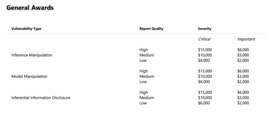 Để đủ điều kiện tham gia chương trình, những người này phải tìm thấy các lỗ hổng “nghiêm trọng hoặc quan trọng” mà Microsoft chưa biết tới hoặc chưa được báo cáo. Chúng bao gồm các kỹ thuật nhằm “tác động và thay đổi hành vi trò chuyện hoặc tiết lộ các hoạt động và lời nhắc nội bộ của Bing”.
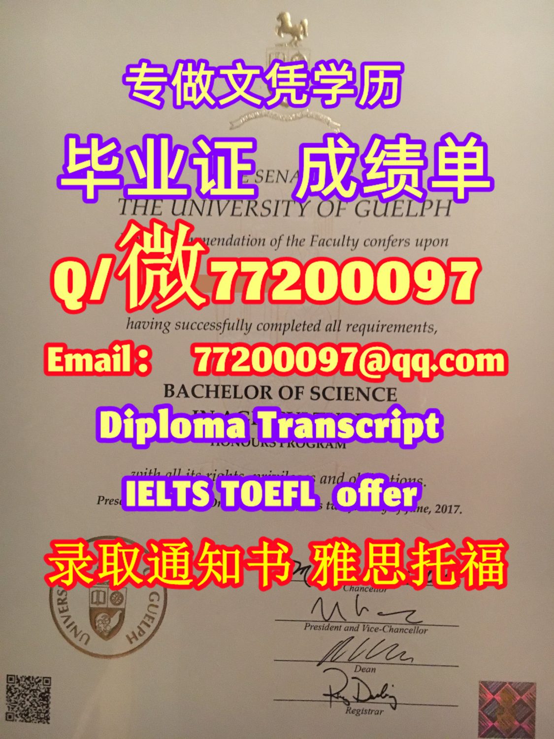 专业制作Guelph毕业证书买圭尔夫大学毕业证成绩单Q/微:77200097有Guelph文凭证书精仿Guelph学位证书能办Guelph成绩单制作圭尔夫大学文凭证书offer雅思托福University of Guelph Diploma Degree Transcript
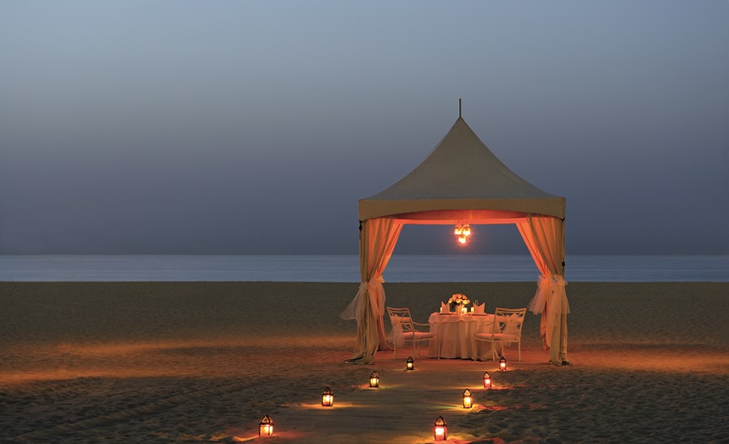 2500 د.إ للثنائي؛ عشاء مؤلّف من 4 أطباق على الواجهة الشاطئية مع حاجب شخصي، وباقة أزهار على الطاولة وشموع وسجادة حمراء.

------

All lines from the one containing "Diploma Degree Transcript" through the end of the data are to be restated exactly, with nothing else and without the pictures.

Solved exercise >>
 专业制作Guelph毕业证书买圭尔夫大学毕业证成绩单Q/微:77200097有Guelph文凭证书精仿Guelph学位证书能办Guelph成绩单制作圭尔夫大学文凭证书offer雅思托福University of Guelph Diploma Degree Transcript
 2500 د.إ للثنائي؛ عشاء مؤلّف من 4 أطباق على الواجهة الشاطئية مع حاجب شخصي، وباقة أزهار على الطاولة وشموع وسجادة حمراء.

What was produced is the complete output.